Я вдруг осознал, что нынче пятьдесят пятый год и, стало быть, я живу здесь, в Хайфоне, уже в течение двадцати двух лет! Чего только не навидался я за все эти годы тут, на моей второй родине.
Время клонилось к осени, и почти не стало уже на улицах лиловых мелий. Рисовые поля в пригородах подернулись красноватой желтизной. На исходе дня море в устье Кэм и у Дошона сливалось с затянутым тучами небом в бескрайнюю синеву. Висевшие поблизости белесые облака, раскаляясь в горниле заката, принимали тысячи диковинных обличий. Среди умиротворенной природы особенно чудовищными выглядели руины заводских корпусов, разрушенных врагом. Во многих зданиях оккупанты устроили казармы, тюрьмы с подвальными камерами, окруженные колючей проволокой. Из большинства цехов они вывезли оборудование, почти везде разобрали водопроводные и канализационные трубы, сняли всю проводку. Долго еще в засыпанных наспех ямах и заваленных мусором болотах находили трупы людей, умерших от пыток; руки и ноги их были связаны электрическим проводом, глаза, рты, ноздри залеплены черной смолистой изоляцией…
В тот день я заглянул снова в один знакомый дом — хозяйка его, К., долгие годы проработавшая на фабрике, всегда рассказывала много интересного. Простившись с нею, я, как обычно, свернув за угол, поставил ногу на педаль и уселся было на велосипед. Но тут меня осенило, что спешить сегодня некуда: материал для очерка собран, статья в завтрашний номер сдана редактору и скоро уйдет в набор. И я пошел не спеша по улице, ведя за руль свой видавший виды велосипед. За спиной у меня остался «перекресток», где встречались речки Кэм и Цементная с рекой Тамбак. Ветер доносил оттуда плеск воды и рокот прилива. Над моей головой в бескрайней синеве белые тучи плыли к цементному заводу.

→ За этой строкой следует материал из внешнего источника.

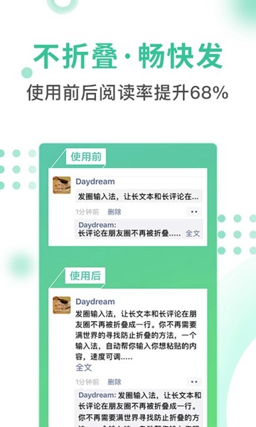 发圈输入法是一款专为微信朋友圈设计的输入法软件,支持多种聊天方式和表情包使用功能。通过该应用可以轻松地将自己喜欢的文字转换成表情符号、表情符号等内容!同时它还支持自定义主题背景设置哦!快来下载吧。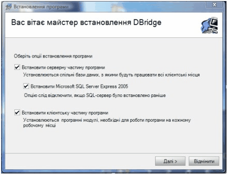 Крок 1. Якщо ви є користувачем операційних систем Windows 2000 або Windows ХР без встановленого сервісного пакету оновлень SP2, встановлення програми слід починати з запуску файлу install.bat, розміщеного в каталозі dbrinst. Це пов’язано з необхідністю перевірки, та за відсутності, встановлення поновленої версії інсталятора Windows Installer та .NET Framework 2.0.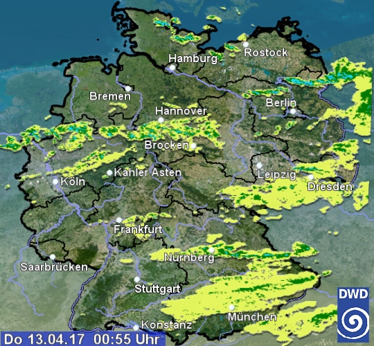 Radarbild von Donnerstag, 13.04.2017 um 00.55 Uhr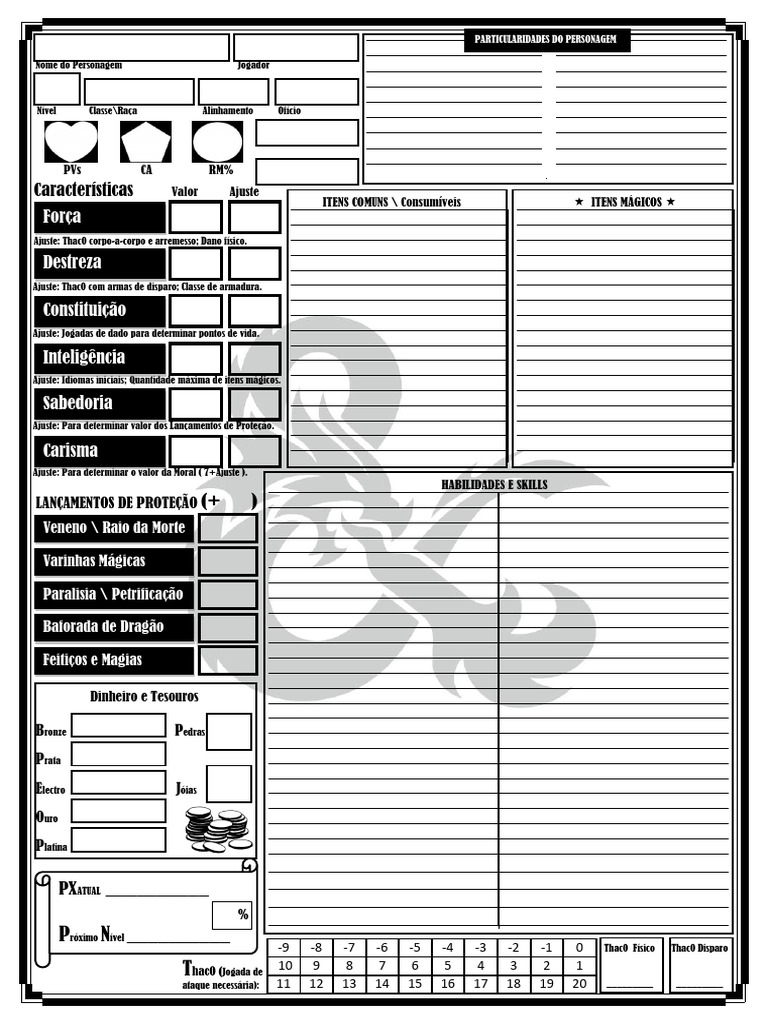 Nível Classe\Raça Alinhamento Ofício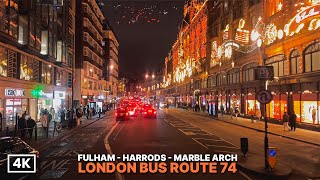 London Night Bus Adventure | Fulham to Marble Arch on Route 74 with Festive Lights and Harrods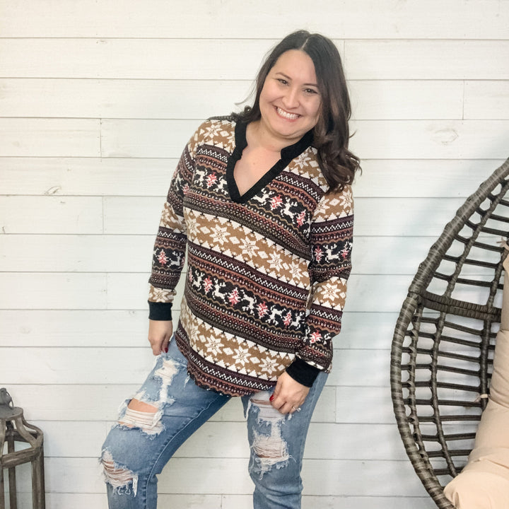 "Sleigh Ride" Henley Style with Reindeer & Snowflake Detail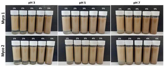 For both Myco 1 and Myco 2, the results indicated that the emulsifying capacity depended on the concentration. The results suggest that the emulsion stability improves with a gradual increase in the concentration of the mycoprotein. Furthermore, as visually depicted in Figure 2, there were no apparent signs of macroscopic oil leakage at the top of the tubes, confirming the good stability of the emulsion. Additionally, a slight improvement in the EC values was observed at pH 3, where values of approximately 100% were achieved between 4% and 5%. In addition, a slight improvement in the EC values was observed at pH 3, where the values were slightly greater than those of the emulsions stabilized at pH 3 and 7. This improvement could be attributed to the fact that the ionic compounds present in the mycoprotein may be influenced by pH changes, which enhances their interfacial activity at this pH. According to Pacwa-Plociniczak et al. [95], bioemulsifiers containing amphiphilic polysaccharides, proteins, lipopolysaccharides, lipoproteins, or complex mixtures of these biopolymers are effective at stabilizing O/W emulsions. The presence of proteins and polysaccharides in the mycoprotein may play a relevant role in the formation and stabilization of emulsions due to its amphiphilic nature. Moreover, one criterion used to identify a bioemulsifier is its ability to maintain at least 50% of the original emulsion volume after 24 h [96]. Consequently, both Mycoseaweed’s mycoprotein samples can be included in this family of compounds.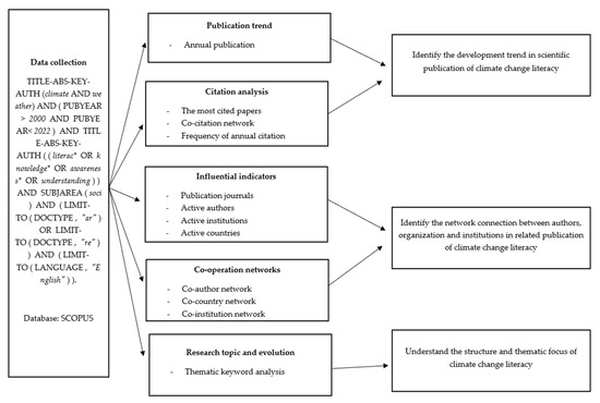 For the data collection, specific keywords and suitable operator method by syntax were used to find the related articles of climate change literacy. SCOPUS (http://www.scopus.com/) (accessed on 29 August 2022) was used to search the scientific literature and identify the related publication data for analysis. The searches were extended from 2001 to 2021 and conducted in the second week of April 2022.

Вдруг меня остановил звон медных колокольцев, и я увидел мохнатого черного щенка. Он прыгал и крутился под ногами у девочки в синей блузке и цветастых штанах; волосы ее, схваченные розовыми бантами в две густые пряди, метались по плечам; щеки были румяные, как яблоки. Она все время обгоняла щенка, подпрыгивая, словно в танце, и взмахивая руками, сжимавшими палочки с лентами, лиловыми, как цветы родомирта, с пунцовыми кисточками на концах. Ленты и кисточки эти то стлались над самой землей, то взмывали ввысь, дразня щенка, пытавшегося их поймать.

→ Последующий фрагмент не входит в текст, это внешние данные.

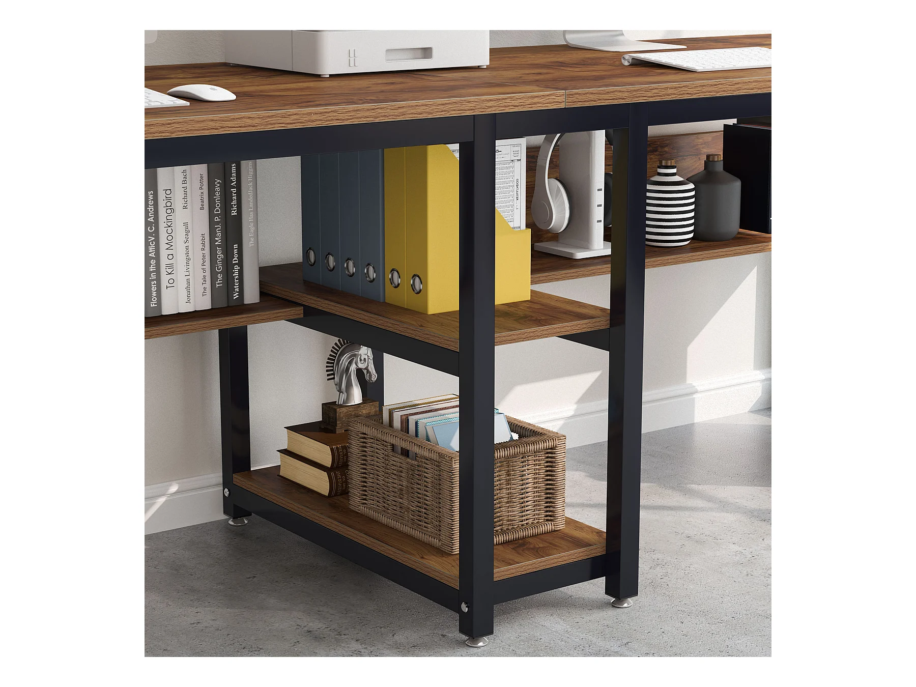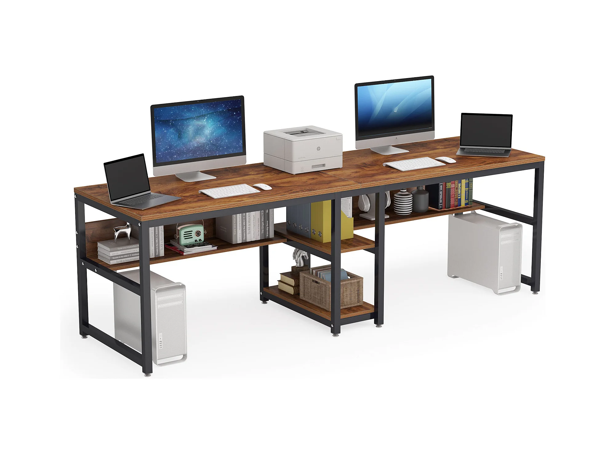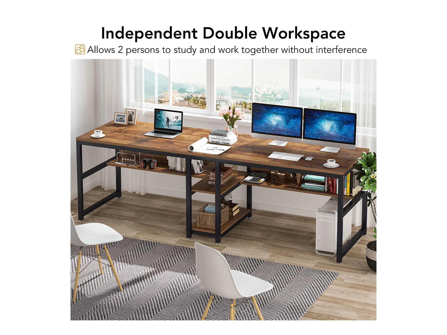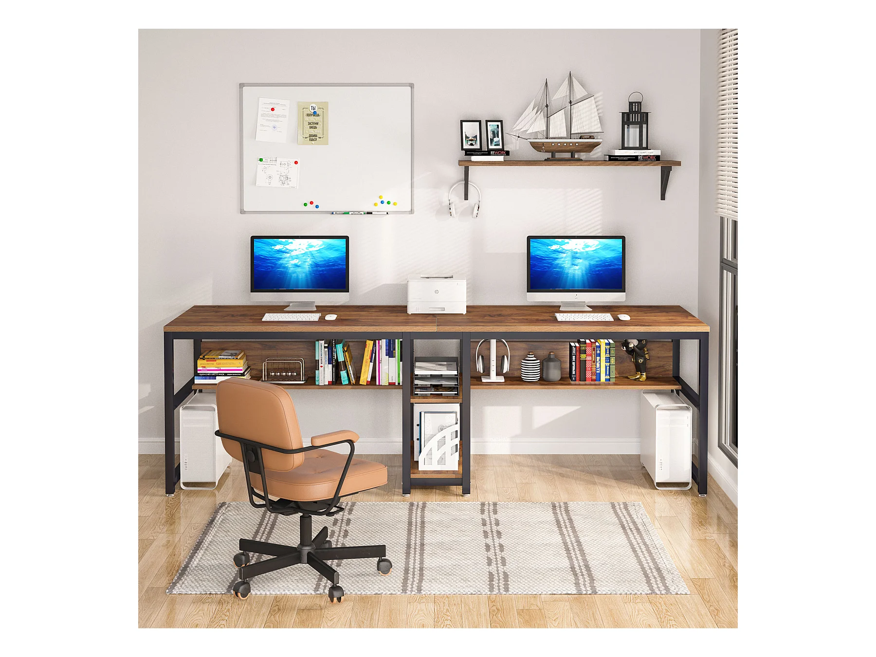 Dubbel computerbureau van 200 cm voor twee personen, rustiek bureau met plank voor rustiek thuiskantoor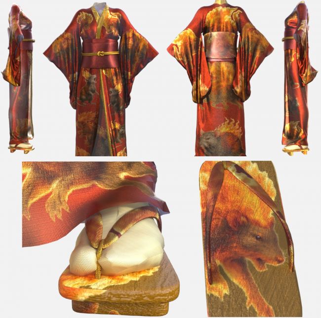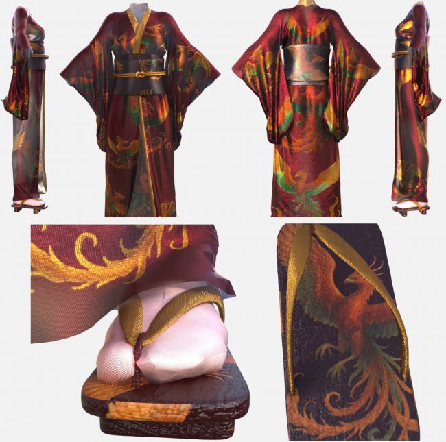 Finally, some "Height&Normal" shader presets are also included, allowing to apply the normal and displacement maps on other existing materials compatible with the kimono. For example, you could use a pattern from the Kachouga volume, and apply the Height&Normal preset from the Japan Mythical Creature one or vice versa. You could also use the Height&Normal preset from one of them on the original material of the kimono. You can do everything you want!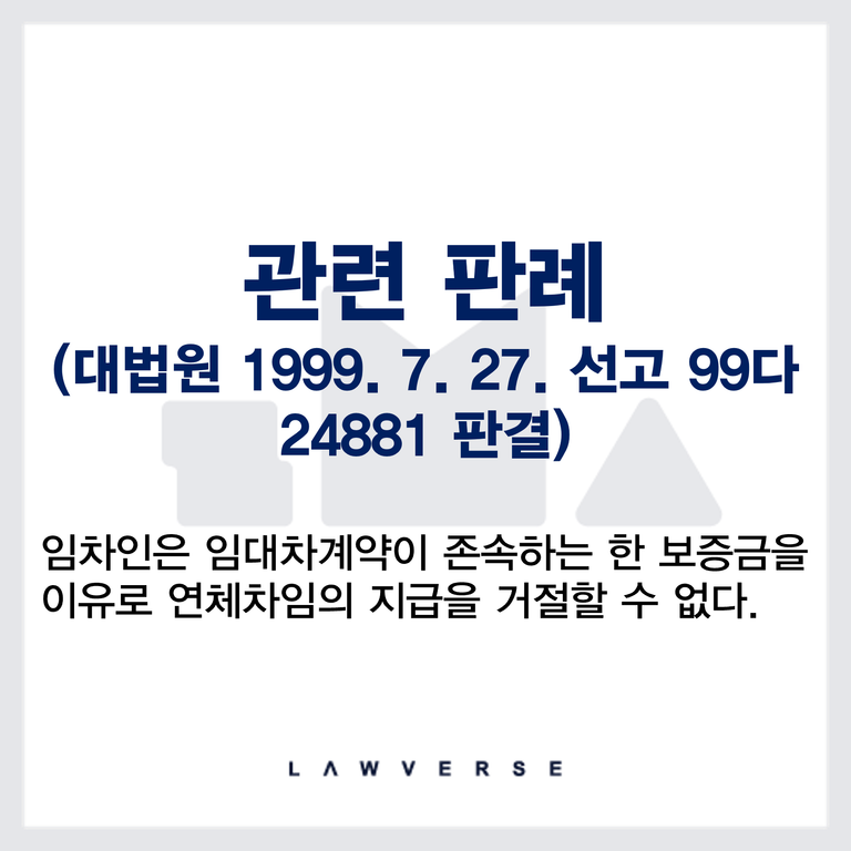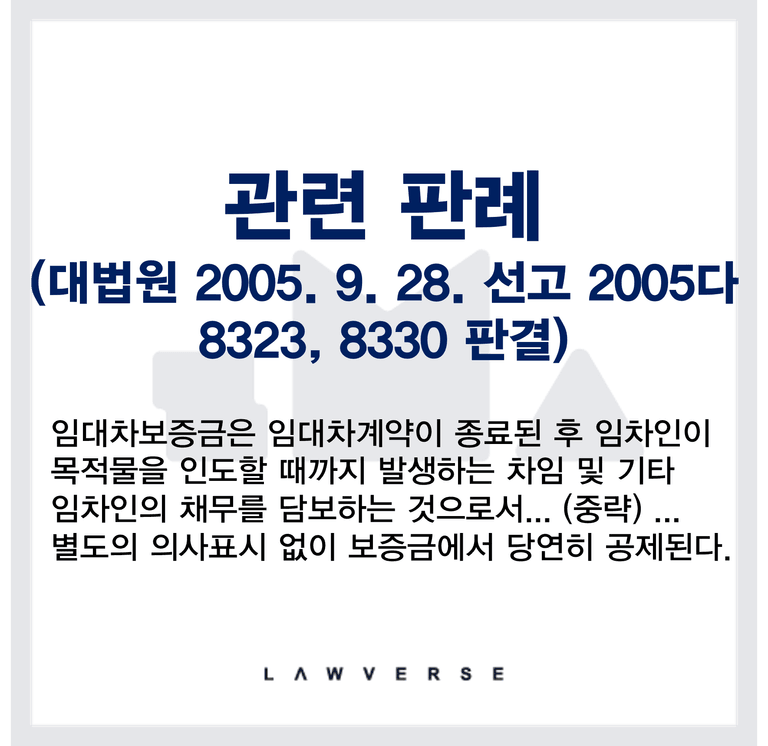 즉, 임대차 계약 해지나 종료 시 연체 월세가 있다면 이는 보증금 반환 대상에서 제외되는 것이 원칙입니다.

Я не знал, что думать. Неподалеку, почему-то вспомнил я, вон в том переулке, по правую от меня руку, стоит обветшалая хижина, окруженная густыми зарослями кустов Будды[47], а в углу меж ними высится ствол душистой кананги. Не в этот ли самый переулок сворачивали всякий раз после представления циркачи из рода Хоа со своим черным медведем и всем скарбом? Я безотчетно направился следом за девочкой. Попавшаяся навстречу давняя моя знакомая из Народного комитета — она с корзиной снеди возвращалась с базара — окликнула меня:
— Собрались небось навестить вдову Хоа? Она сейчас дома. Вы уж ее убедите, пусть возьмет талоны на рис в горсовете. У нее был недавно товарищ оттуда, расспросил обо всем, предлагал помочь, а она ни в какую: «Отдайте, мол, лучше талоны тем, кто в них больше нуждается. Скоро наладят фабрику, и я снова пойду на работу».

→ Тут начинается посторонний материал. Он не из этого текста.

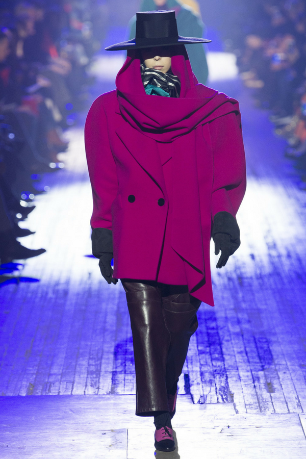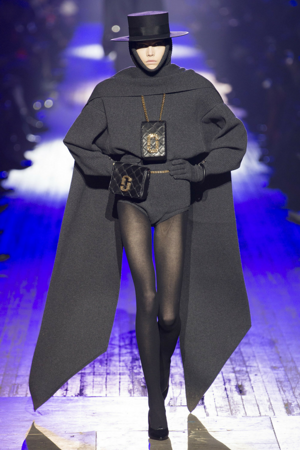 Marc Jacobs collection is dramatic with imposing silhouettes. The collection is made of long cashmere coats in different colors with matching hijab-like scarves or balaclavas masks.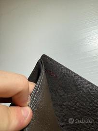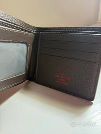 Portafoglio Louis Vuitton originale in canvas Damier Ebene, con stampa a scacchi marrone e logo “Louis Vuitton Paris” visibile.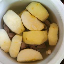 2. Cut the apple into pieces, soak the southern and northern apricots in water, and cut into two pieces of ginger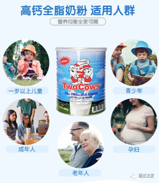 Two Cows奶粉由鲜牛奶制成。并加添多种营养成分,提供人体健康所需,含丰富钙质,蛋白质,碳水化合物,维他命及多种矿物质。整个生产过程在荷兰的奶牛基地,由鲜奶采购到最后完成,全程掌控,以确保品质,是符合欧盟奶粉检验标准的高质量奶粉,孕妈妈也可以放心喝哦~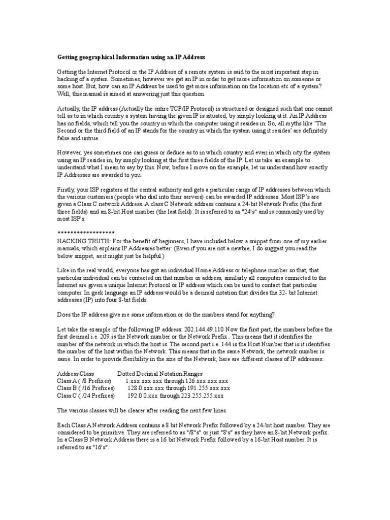 tell as to in which country a system having the given IP is situated, by simply looking at it. An IP Address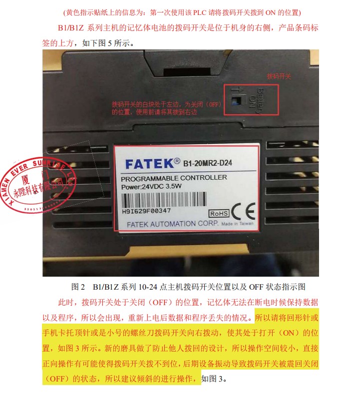 請(qǐng)務(wù)必將此撥碼開關(guān)撥到 ON 的位置,否則會(huì)導(dǎo)致程序、數(shù)據(jù)丟失等影響,耽誤您的設(shè)備運(yùn)行。為了防止在運(yùn)輸過程中,黃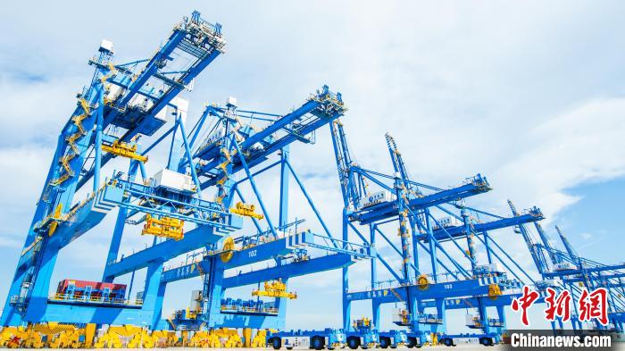 青島港自動化碼頭,振華重工建造的自動化岸橋。 振華重工供圖

Подойдя поближе, моя знакомая, понизив голос, спросила:
— Вы не слыхали, она, говорят, человек заслуженный? Тайная полиция дважды ее забирала, и в тюрьме ее, по слухам, пытали. А когда французы угоняли людей на Юг, родичи тайком забрали Сяо Хоа к себе, на другую улицу. Но потом вдова с дочкой все равно вернулись сюда…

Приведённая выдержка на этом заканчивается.